また、事務所や店舗には表札や看板をしっかりと用意し、ディスプレイのための照明も明る目にしておき、パソコンなどは使っていなくても、起動させておくようにしましょう。
担当者は、スリッパの出し方、お茶出しのマナーなどもよく観察していますので、細かい点まで気を抜いてはなりません。
本気で融資の獲得を目指しているなら、従業員教育などは、日ごろから妥協せずにしっかりと取り組んでおきましょう。

創業融資は「一生に一度のチャンス」です。
こんないい条件で借りられる機会はもう二度とないといってもいいでしょう。
1回きりのチャンスをふいにしないよう、がんばってください。

借入限度額を知ろう

日本政策金融公庫や地方自治体、銀行などが創業融資をしてくれることは理解できた、では実際にいくらぐらい貸してくれるのか──という疑問を皆様お持ちだと思いますので、ここで答えておきたいと思います。

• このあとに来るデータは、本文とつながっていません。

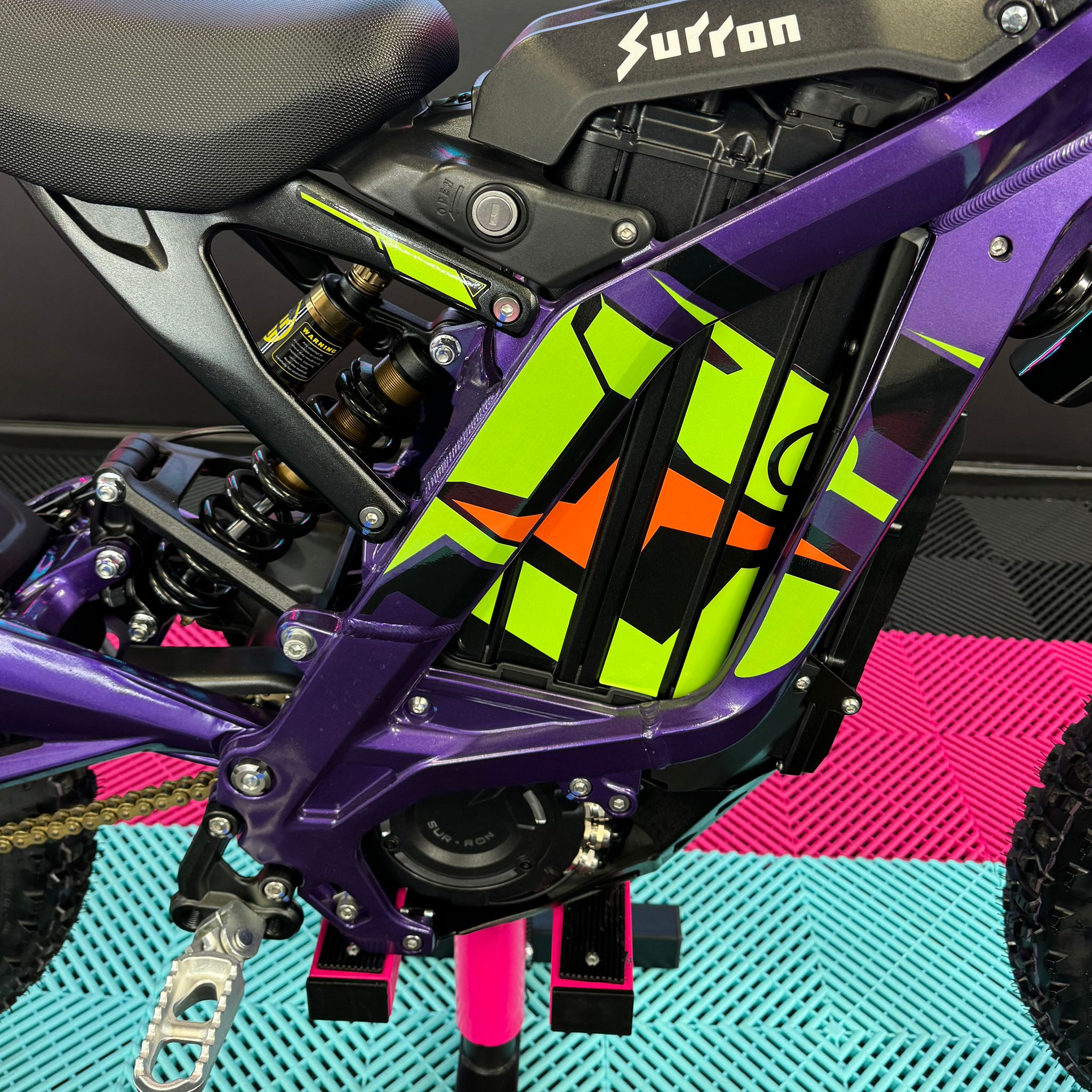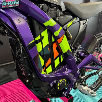 At R-Kay Performance, we're thrilled to offer the brand new Surron Light Bee X, a CE-approved UK-spec model. It's finished in Phantom Purple with eye-catching Green OEM stickers. With the latest 60v 40Ah Samsung Cell Battery, it delivers improved power and range, reaching speeds of up to 50mph. Plus, it comes with full 18 months warranty! It's an incredible package! 🎯
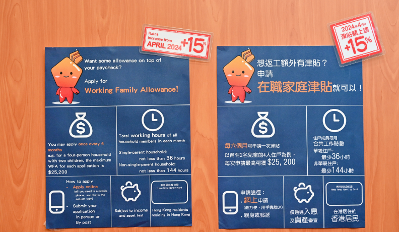 今年施政报告宣布,由2024年4月起计的申领月份,划一增加职津计划住户及儿童津贴金额15%。曾裕彤说:“这有助进一步纾缓基层在职家庭的负担,并支援他们育儿;同时鼓励持续全职工作、自力更生,促进这些家庭的劳动力投入劳动市场。”
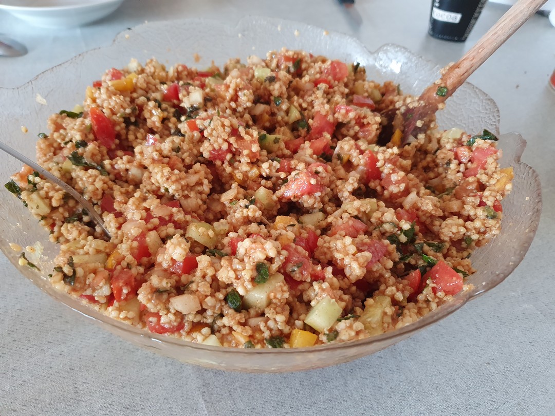 Mélange de blé concassé et d'un fin hachis de tomates, de persil, d'oignons et de feuilles de menthe, arrosé d'huile d'olive et de jus de citron. (Cuisine libanaise.)
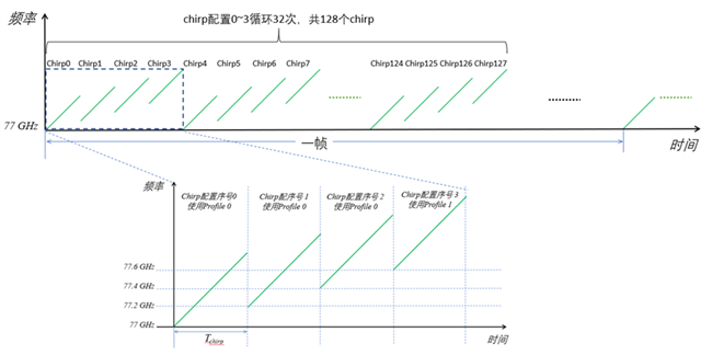 下面舉例說明如何在AWR1843上配置一個(gè)frame波形。假設(shè)配置4個(gè)不同的chirp配置,每個(gè)chirp配置的起始頻率增加200MHz,按照chirp 0~chipr 3的配置循環(huán)發(fā)波,一個(gè)frame里共128個(gè)chirp,一直發(fā)波。波形配置和波形示意圖如下。
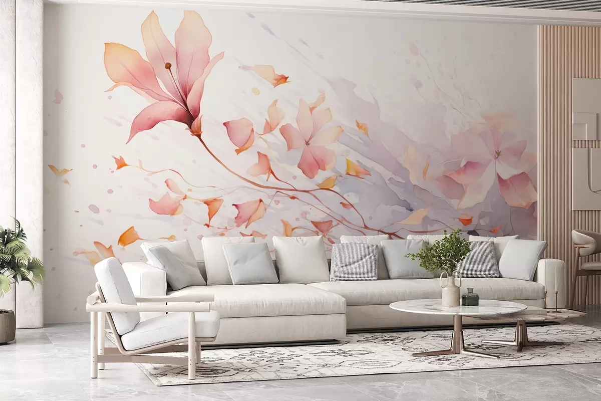 Τοιχογραφίες Ένα λουλούδι με πέταλα που πέφτουν και φτερουγίζουν στον άνεμο σε στυλ ακουαρέλας Nr. w08821
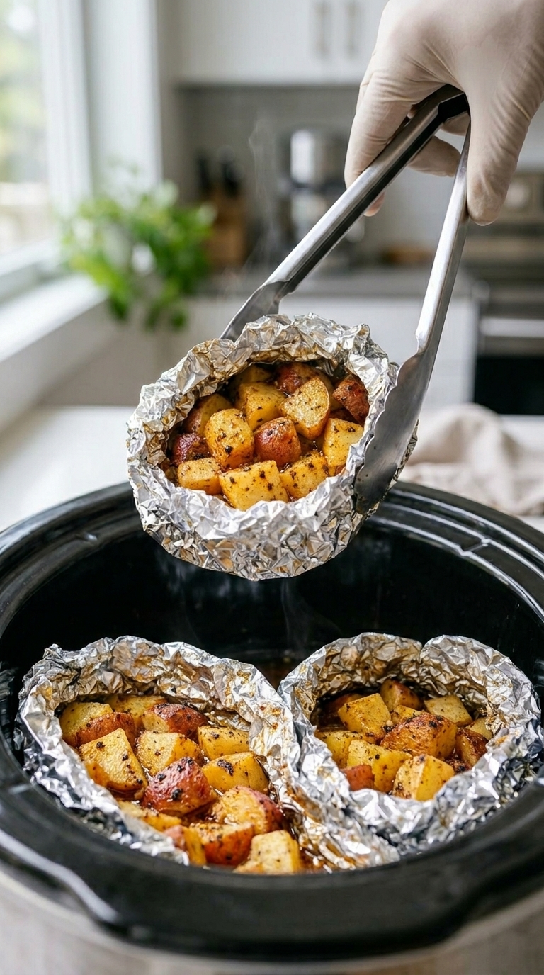 The Slow Cooker 3-Ingredient Cajun Butter Potato Packets recipe relies on foil packets to create a sealed cooking environment. This method traps steam, allowing the potatoes to cook evenly while staying moist.

銀行は、運転資金の場合、次の2つの基準で融資限度額を決定します。
売上基準と金利基準です。
売上基準では、仮に年商が1億円だと仮定しますと

1億円×(4ヵ月÷12ヵ月)=3,333万円
くらいが適正規模になり、月商の3~4ヵ月分がひとつの基準になります。

次に金利基準では、1%くらいが安全に返すことができる範囲となります。
売上が年商1億円の企業であれば、1億円×1%=100万円となり、支払利息がこれぐらいであれば、経営を続けることができると金融機関は判断します。

借入の際、注意したいのは、総額ではなく金利です。
たとえば、1,000万円を2%の金利で借りると20万円の利息、2,000万円を1%の金利で借りると20万円の利息となり、同額です。

金利が少しでも変わると、支払額が大きく変化しますので、できるだけ有利な金利で借りることができるよう、粘り強く交渉しましょう。
「○○銀行の金利は0.5%、貴行よりも安いですが」というように、金融機関の担当者に伝えてもルール違反ではありません。
なお交渉は、0.25%をひとつの単位としましょう。